Pilnowałam pomidorów i uszczykiwałam, podrywałam łodygi. Ale w szklarni miałam je prowadzone na 2 pędy, już kwitły i szkoda mi było urywać. Przyjechała Hania i powiedziała prowadzimy "koniecznie na jeden" (tam i tak jest ścisk, bo nie utrafiłam z linkami). I raniutko przed śniadaniem własnym sekatorkiem (normalnie to się robi łapka ale to były grube łodygi) je wyprowadziła.
____________________
Hania-To tu- to tam-łopatkę mam!
"Przyjemność ma się do szczęścia mniej więcej tak, jak drzewo do ogrodu; nie ma ogrodu bez drzew, ale drzewa, nawet w wielkiej ilości, nie stanowią jeszcze ogrodu."
~ Władysław Tatarkiewicz
Agnieszka, tutaj nie można nic zepsuć. Najtrudniejsze to umocowanie drutów z naciągiem (jestem z siebie prawie dumna).

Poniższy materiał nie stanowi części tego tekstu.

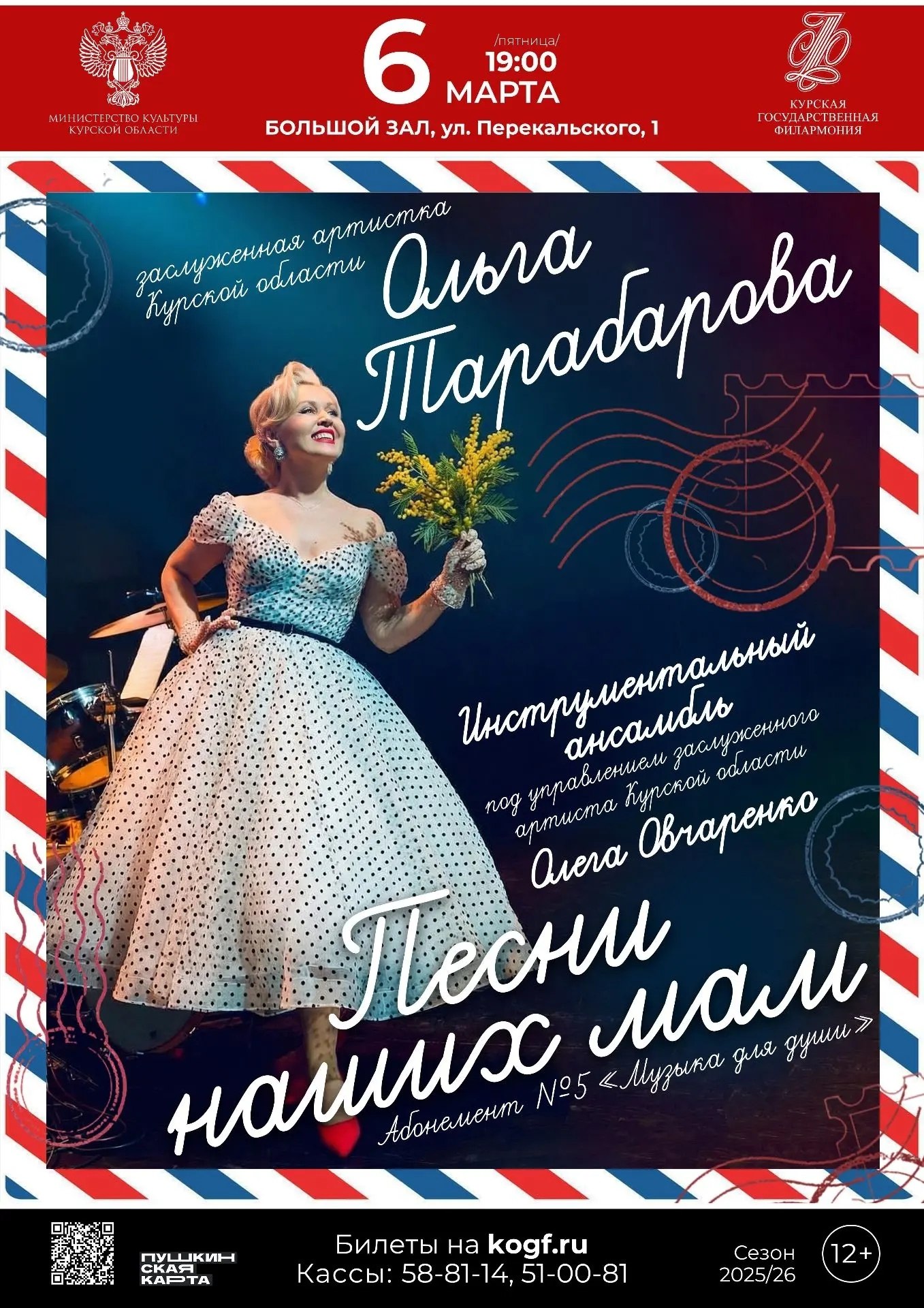 6 марта в 19:00 в Курской государственной филармонии состоится концерт абонемента № 5 «Музыка для души» - вечер, наполненный тёплыми воспоминаниями и душевными мелодиями. Программа «Песни наших мам» подарит зрителям встречу с любимыми композициями, знакомыми каждому с детства.

Trzeba znać terminy cięcia i być systematycznym. Zaopatrzyć się w gumki szkółkarskie (elastyczne do wiązania). Drzewka owocowe są niedrogie (z gołym korzeniem), można się uczyć i popełniać błędy.
Teraz mam jedną jabłonkę (cesarz Wilhelm) i chcę prowadzić na kandelabr.